Bona fide yacht club
Arguments over the legal difference between “a bona fide yacht club” and “an entity organized in the form of a yacht club” are likely to be protracted and I wil not comment in the absence of detailed information about the “entity”. It is, however, probable that the NYSC will again look outside the words of the Deed and consider the intent of the requirement that a challenge must be made by a yacht club.
As BYM noted in an article about the Syndicate, some weeks ago, there is little doubt that the original intention was to ensure that the Cup remained in the “right” sort of hands and wrote the requirement fora yacht club to make the entry, with that in mind. The make up and membership of yacht clubs is now very different and it may be that the Court will, once again, decide that circumstances have so changed since the execution of said Deed of Gift, in a manner not known to the said donor and not anticipated by him, as to render impractical a literal compliance with the aforesaid terms of the said Deed of Gift.” and order SNG to administer the Deed as though there were no clause requiring the challenge to be made by a yacht club.

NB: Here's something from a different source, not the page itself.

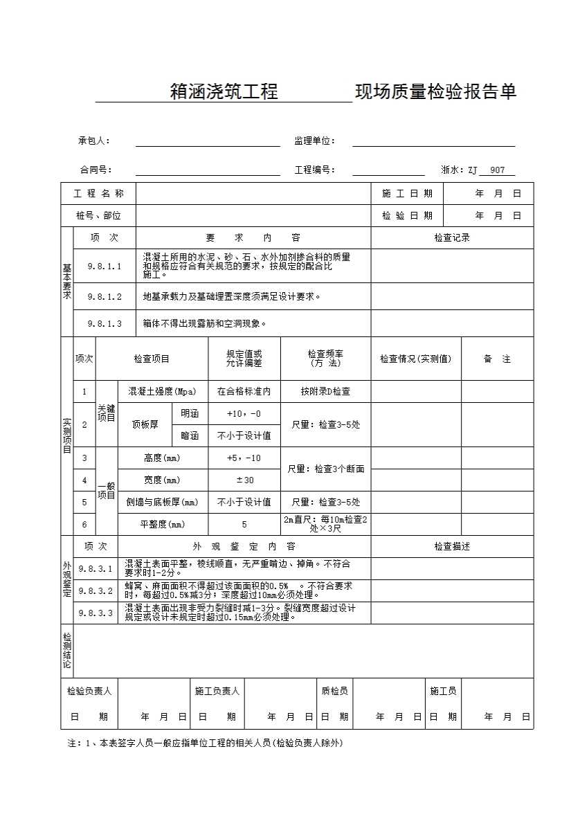 表格名称:浙水:ZJ907 箱涵浇筑工程现场质量检验报告单

This seems even more likely, given that the Desafio Espanol challenge, for the 32nd America’s Cup, was not made by a yacht club that “holds it’s annual regatta on the sea” nor, indeed, by any yacht club, but by a National Federation of yacht clubs and this appears to have been acceptable to the challengers. In February 2005, the Challengers Commission held a meeting at the Golden Gate Yacht Club. It was chaired by Tom Ehman of BMW Oracle, then Challenger of Record. The minutes of that meeting state: "The acceptance by SNG of a challenge from a national federation, as opposed to a yacht club, was briefly discussed. It was agreed that a Challengers Commission position or action on the matter was not appropriate."